While a less than candid client places an attorney in a difficult position during trial, the negative consequences the party suffers as a result of his own lack of candor does not form the basis for an error requiring reversal. There is no rule of law that requires a client to disclose damaging information to his attorney. The client can choose whether to disclose this information, though it would be universally agreed that a client’s choice to conceal information from his attorney is not a good one. Nonetheless, when counsel’s hope for the *337client’s full disclosure is disappointed, it is not grounds for a new trial. See Rubenstein v Purcell, 276 Mich 433, 438-439; 267 NW 646 (1936) (no surprise when one’s own witness causes the surprise by changing testimony). As defense counsel candidly concedes, “He didn’t tell us and we didn’t know.” Any “surprise” on the part of defense counsel was caused by his client, not opposing counsel. This is particularly true when all parties were on notice in the earliest stages of discovery that the Miller divorce was an important issue. In short, Miller himself caused his counsel to be surprised because he (1) lied under oath in a prior case about a matter relevant in this case and (2) failed to inform his attorney about his prior lies. Because error to which the aggrieved party contributed by plan or negligence cannot be error requiring reversal, Farm Credit Services of Michigan’s Heartland, PCA v Weldon, 232 Mich App 662, 683-684; 591 NW2d 438 (1998), I would decline to address this unpreserved issue.
Even if this issue had been properly preserved, I would further agree with plaintiffs that the trial court did not err in ruling that the transcripts from the Miller divorce were not covered by the sealing order. MCR 8.119(F) provides guidelines on sealed records and, therefore, is the correct rule2 to apply in resolving this issue. MCR 8.119(F)(4) explicitly defines what comprises a court record:
For purposes of this rule, “court records” includes all documents and records of any nature that are filed with the clerk in connection with the action. Nothing in this rule is intended to limit the court’s authority to issue protective orders pursuant to MCR 2.302(C). [Emphasis added.]
*338When interpreting a court rule, this Court applies the same legal principles that govern statutory interpretation. In re KH, 469 Mich 621, 628; 677 NW2d 800 (2004).
When interpreting statutory language, our obligation is to ascertain the legislative intent that may reasonably be inferred from the words expressed in the statute. When the Legislature has unambiguously conveyed its intent in a statute, the statute speaks for itself, and judicial construction is not permitted. Because the proper role of the judiciary is to interpret and not write the law, courts simply lack authority to venture beyond the unambiguous text of a statute. [Koontz v Ameritech Services, Inc, 466 Mich 304, 312; 645 NW2d 34 (2002) (citations omitted).]

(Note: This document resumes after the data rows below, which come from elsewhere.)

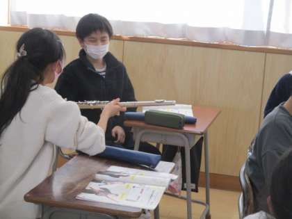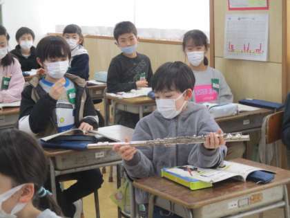 実際にフルートを持ち、キーを触ってみるなど、うれしそうな子供たちでした。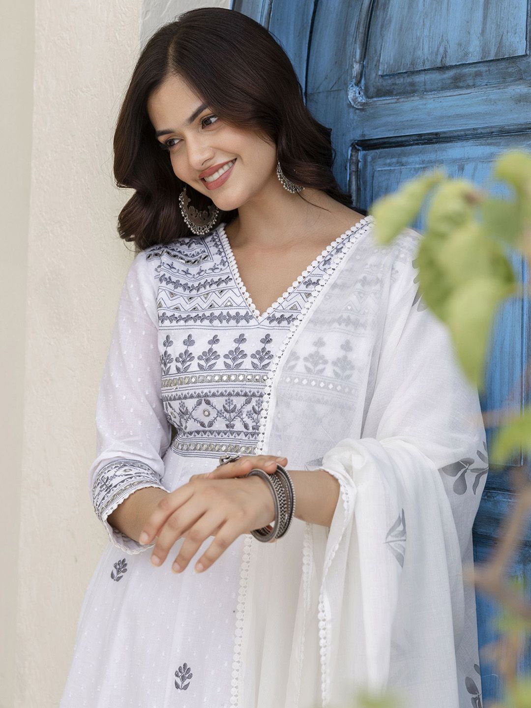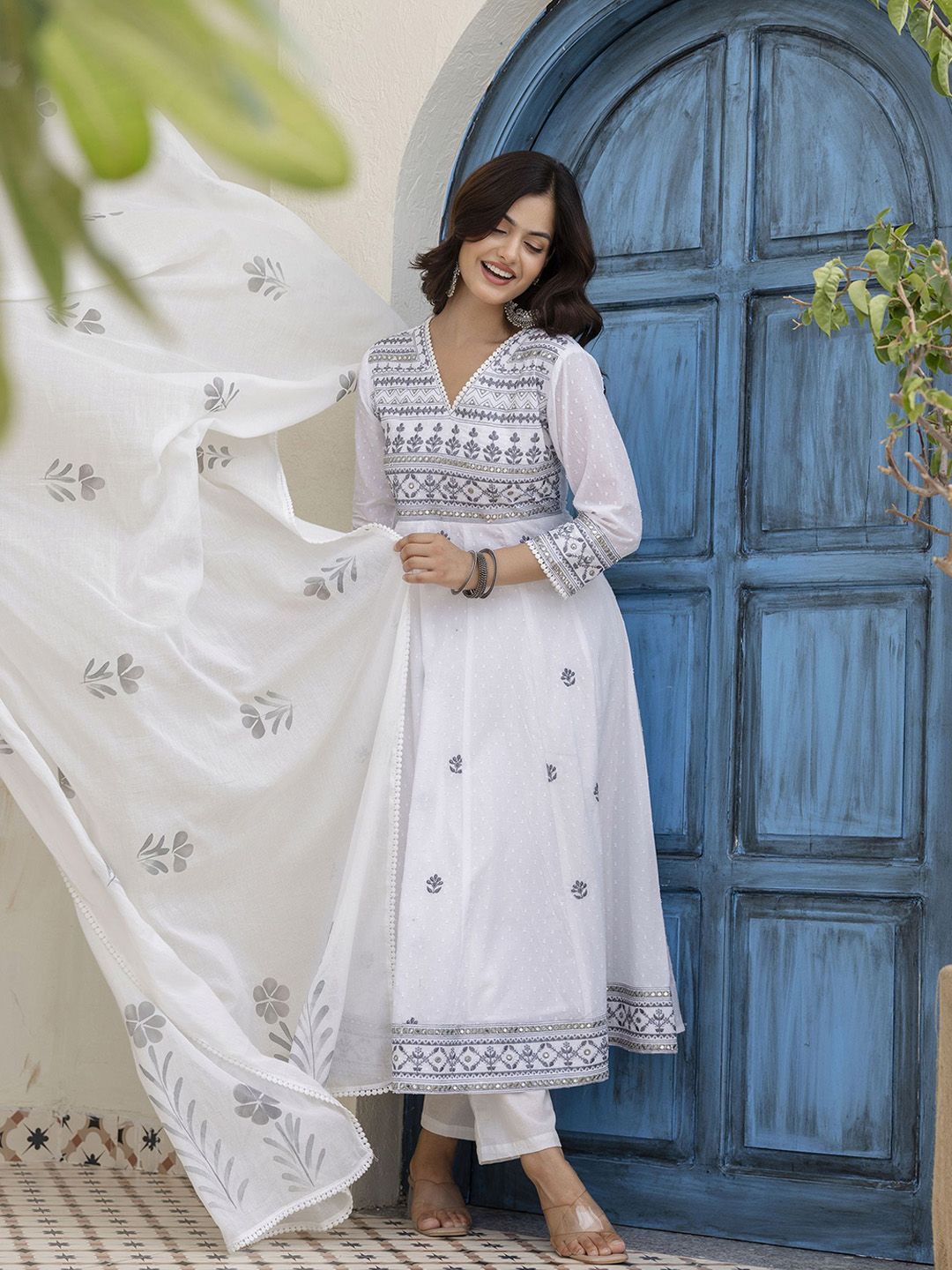Anouk Women Floral Embroidered Cotton Kurta with Trousers & Dupatta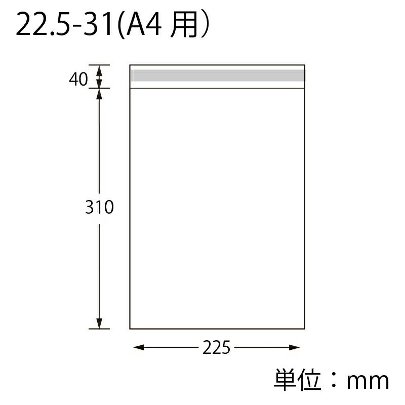 たくさん使いたい方はこちらのまとめ買いがお買い得です! つやがあり、透明度が高いOPP袋です。価格を低く抑える為、海外のフィルムを使用しています。 袋の両側を熱圧着して製造する為、のりしろが発生せず中身が綺麗に見えます。 すばやく封かんできるテープ付きタイプです。 この商品以外にもテープ付き、テープ無しや、包装するものに合わせて透明度や定番のA4やB5、B6などぴったりのサイズをご用意してます! ●入り数:1000枚(100枚×10) ●サイズ:厚0.03×幅225×高310+ベロ40mm(幅が開口部です。) ●材質:OPP(二軸延伸ポリプロピレン) >>単品100枚入りはこちら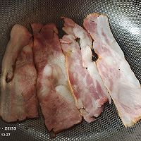 做法分解7:锅中喷薄油,小火煎培根片至微微焦黄;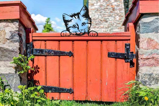 Is dit geen grappig cadeau voor de tuin- en dierenliefhebber, deze Kat Kitty die ondeugend over het tuinhek kijkt? De Kat kan bevestigd worden aan houten palen, terrasmuren of schuttingen. De vorm wordt uit 2 mm dik speciaal staal gelaserd en zwart gepoedercoat, wat ervoor zorgt dat het Katsilhouet roestvrij blijft. Superleuk toch?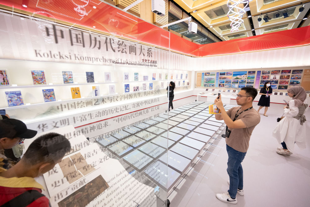 2023年5月26日,觀眾在馬來西亞吉隆坡舉行的第40屆吉隆坡國際書展上觀看“中國歷代繪畫大系”展覽。由浙江大學、浙江省文物局編纂,浙江大學出版社出版的“中國歷代繪畫大系”,收錄了海內(nèi)外263家文博機構的紙、絹(含帛、綾)、麻等材質(zhì)的中國古代繪畫藏品12000余件(套),涵蓋了絕大部分傳世的“國寶”級繪畫珍品。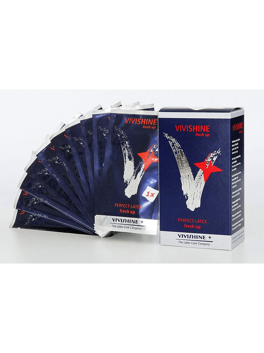 VIVISHINE fresh up ist einzigartig und gibt es nur von uns. Die Idee dazu wurde aus der Praxis heraus geboren. Auf Hochglanz poliertes Latex neigt dazu, beim Sitzen oder unter einem Mantel Fusseln anzuziehen oder etwas matt zu werden. Für Abhilfe sorgt die persönliche und kleinste Polierstation der Welt: VIVISHINE fresh up optimiert den Latex-Glanz mit einem Wisch.

Applying these principles to the plain language of MCR 8.119(F)(4), it is clear that, in order for something to be part of the court record, three criteria must be met. The contested item must be (1) a document or record of any nature (2) filed with the clerk (3) in connection with the action. According to the unambiguous terms of MCR 8.119(F)(4), the transcript at issue is simply not part of Miller’s divorce record because it was never “filed with the clerk in connection with the action.” Id. The majority opines that the rule is ambiguous because “reasonable minds could differ concerning whether transcripts are included within MCR 8.119(F) as part of a sealed record[.]” Ante at 326. I disagree. Although it is true, as the majority states, that “[t]he language of this rule is very broad, including the words ‘all’ and ‘of any nature,’ ” ante at 325, the term “court records” remains defined as only those “documents and records of any nature” that are actually “filed with the clerk in connection with the action.” The transcripts at issue are not records from Miller’s divorce case because they were never filed with the court clerk in the divorce or postjudgment proceedings.
*339Additionally, the majority’s reliance on MCR 8.119(D)(4) is misplaced. That rule sets forth the duties of the court clerk, and provides:
The clerk shall keep in such form as may be prescribed by the court, other papers, documents, materials, and things filed with or handled by the court including but not limited to wills for safekeeping, exhibits and other discovery materials, requests for search warrants, marriage records, and administrative activities. [Emphasis added.]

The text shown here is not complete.